*** SOURCE RECORDS ***
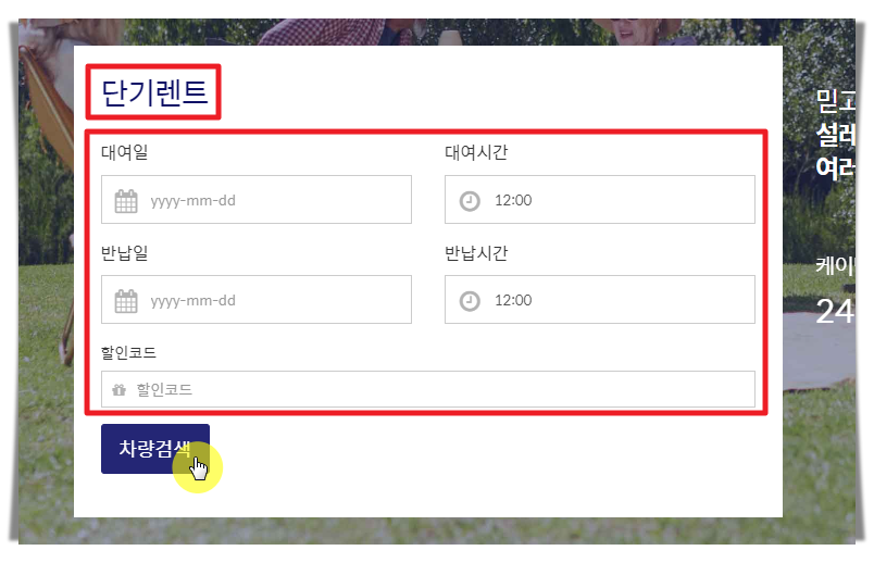 3. 이곳은 주로 15인승 승합차에 대한 대여 서비스를 다루는데요. 사이트에 접속하면 메뉴에스 "단기 렌트"를 선택해 주세요. 그 다음 대여일, 대여시간, 반납일, 반납시간 등의 정보를 입력한 후 "차량 검색" 버튼을 누릅니다.
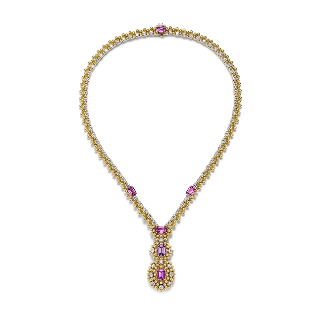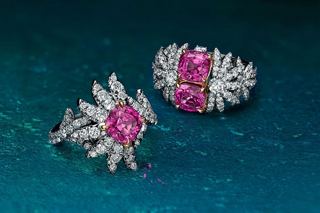 Кольца Tiffany & Co. Blue Book Hidden Garden из платины и 18-каратного желтого золота, инкрустированные розовыми сапфирами и бриллиантами
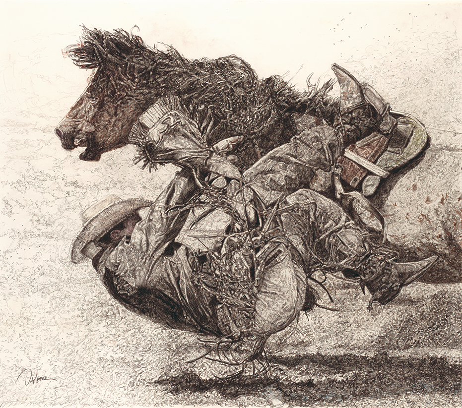 "When a Wrangler and a Bronc meet their match, they are both going’ down hard!“ This explosive image is a celebration of Draftsmanship. Capturing all the detail of the movement was challenging yet very exciting."Slammed" 29" x 25" Polychromos Pencils
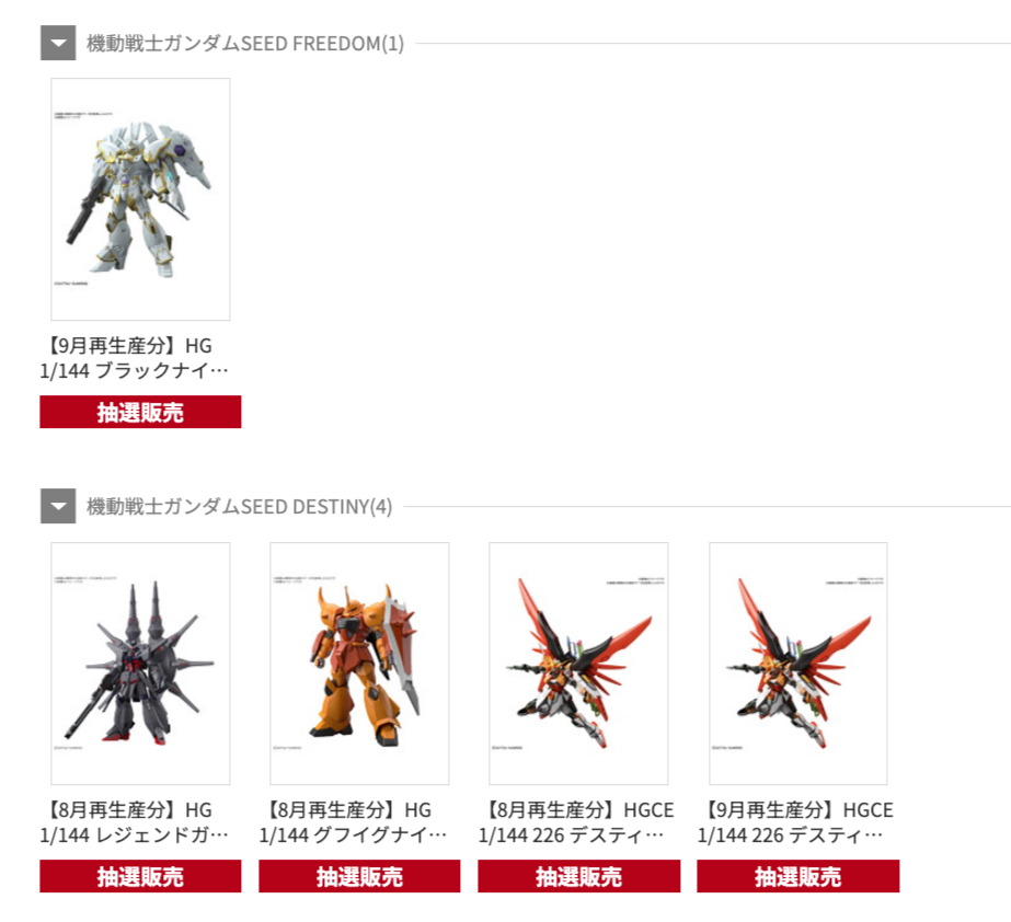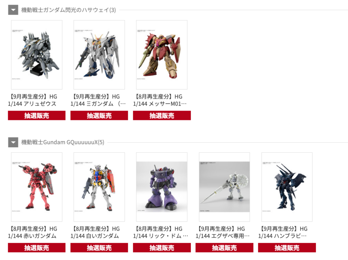 抽選販売では、多数の人気プラモデルが登場します。対象となるのは、2026年7月から9月に再入荷を予定している商品群です。
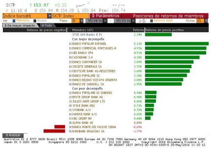 Fuerte tirón de la banca. En los ascensos registrados en esta sesión el sector bancario fue uno de los grandes protagonistas.El índice europeo que engloba a las entidades lideró las subidas en el Viejo Continente tras anotarse un 3,29%. En estas subidas las firmas españolas ocuparon un lugar destacado. Banco Popular yCaixaBank, consiguen recuperar parte del terreno perdido en el año, y repuntaron un 7,53% y 6,27%, respectivamente. Les siguieron los dos colosos del sistema financiero,Santander y BBVA, que registraron alzas del 6%, en el caso de la entidad que preside Ana Botín, y un 5,27% para la entidad que encabeza Francisco González.En el plano europeo, además de las españolas destacaron las italianas comoBanco Popolare (8,73%), Banca Popolare di Milano (8,27%), o Ubi Banca (7,22%).
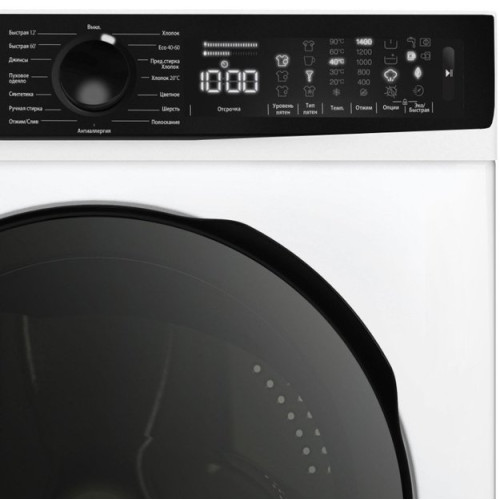 - Цифровой дисплей и электронное управление: Интуитивно понятный интерфейс отображает всю информацию: оставшееся время, выбранную программу, параметры стирки.
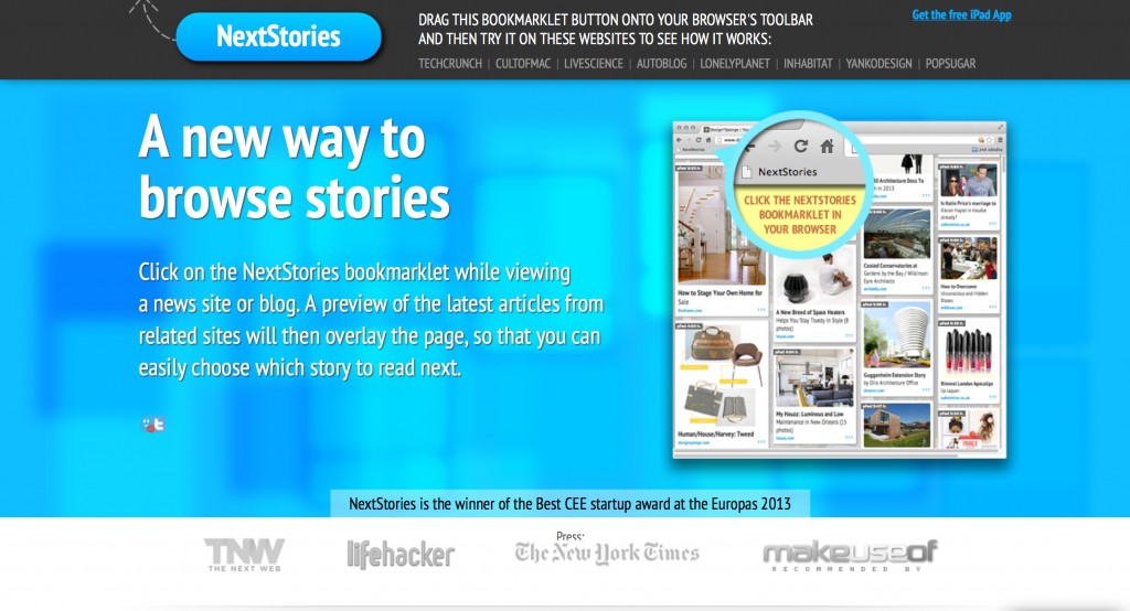 - As an Alternative to StumbleUpon next stories is recommended in any case and offers just for avid readers with an enriching experience. You can use the Bookmarklet from next stories download here and directly use.
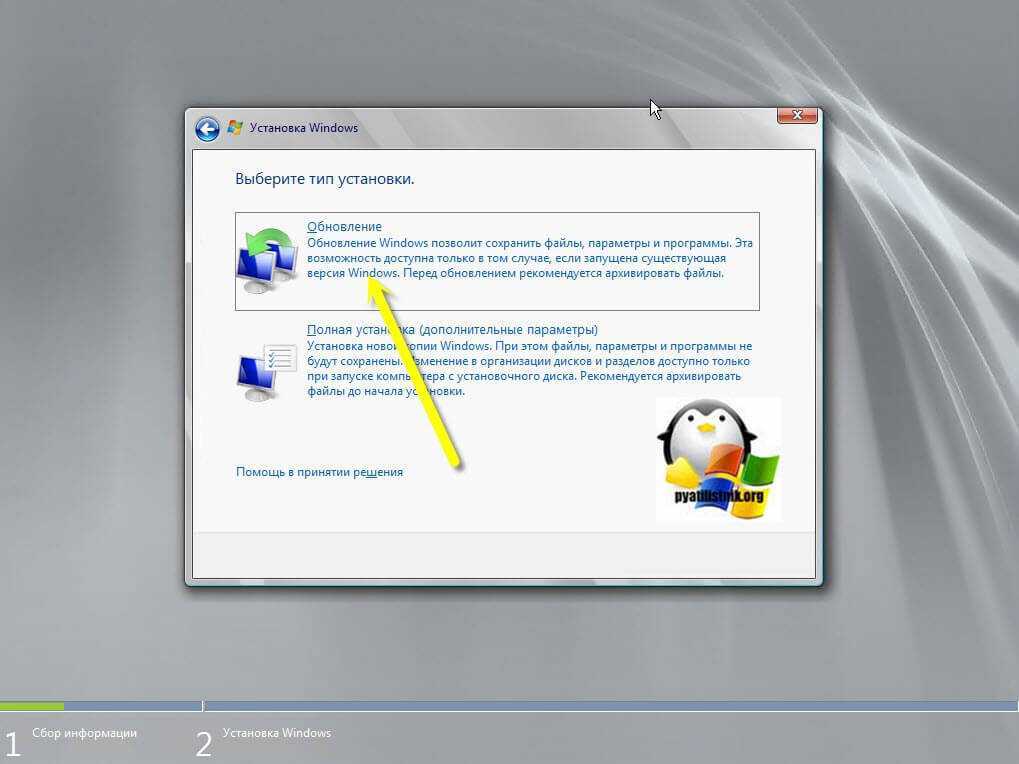 Принимаем лицензию и до ходим до момента выбора типа установки, выбираем верхний пункт «Обновление».
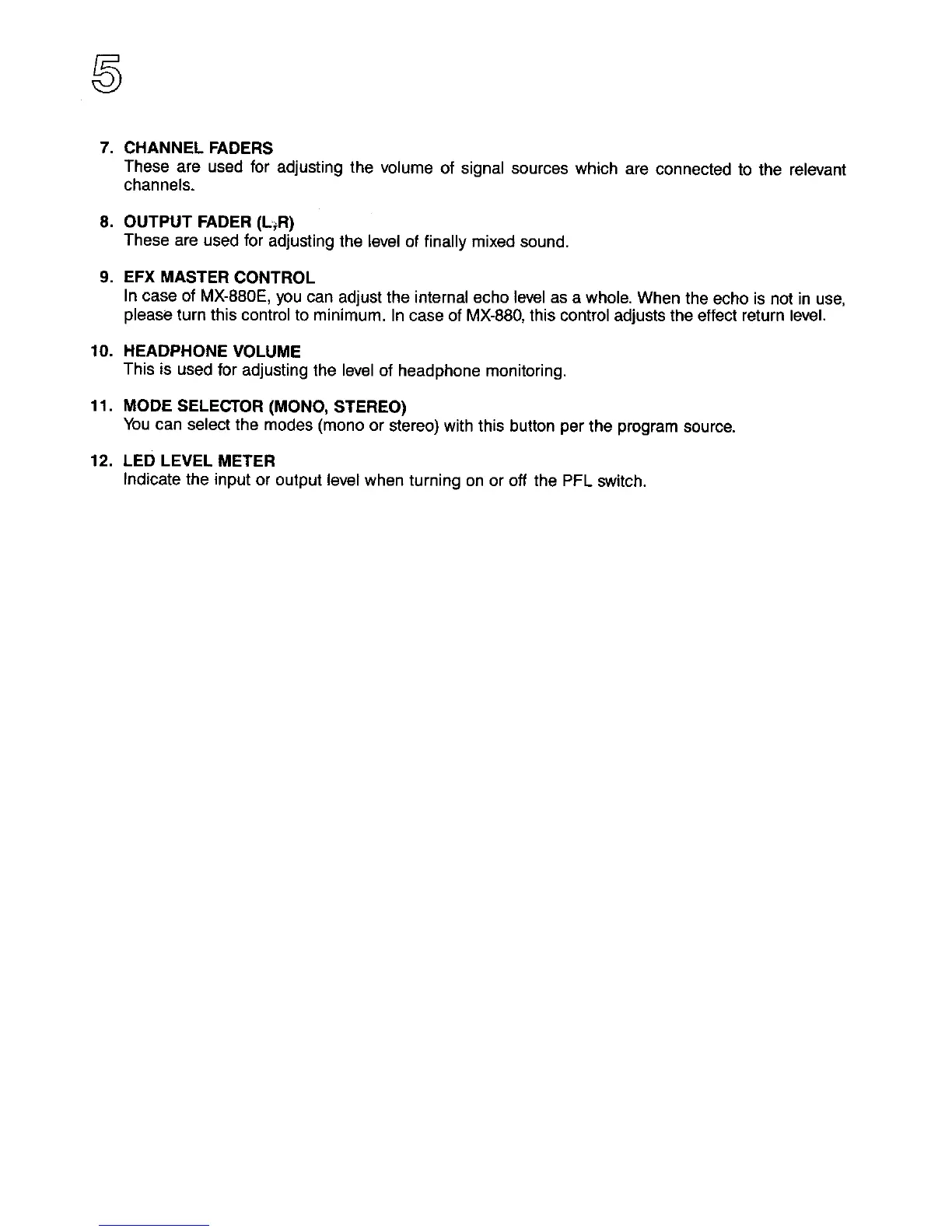 Inter-m MX-880E - CHANNEL FADERS; OUTPUT FADER (L,R); EFX MASTER CONTROL
*** End of SOURCE RECORDS ***
* WORK ITEM *
Up to and including the line with "抽選販売では、多数の人気プラ", copy the data above from its first line. Skip pictures.

* SOLUTION TO THIS EXERCISE *
 3. 이곳은 주로 15인승 승합차에 대한 대여 서비스를 다루는데요. 사이트에 접속하면 메뉴에스 "단기 렌트"를 선택해 주세요. 그 다음 대여일, 대여시간, 반납일, 반납시간 등의 정보를 입력한 후 "차량 검색" 버튼을 누릅니다.
 Кольца Tiffany & Co. Blue Book Hidden Garden из платины и 18-каратного желтого золота, инкрустированные розовыми сапфирами и бриллиантами
 "When a Wrangler and a Bronc meet their match, they are both going’ down hard!“ This explosive image is a celebration of Draftsmanship. Capturing all the detail of the movement was challenging yet very exciting."Slammed" 29" x 25" Polychromos Pencils
 抽選販売では、多数の人気プラモデルが登場します。対象となるのは、2026年7月から9月に再入荷を予定している商品群です。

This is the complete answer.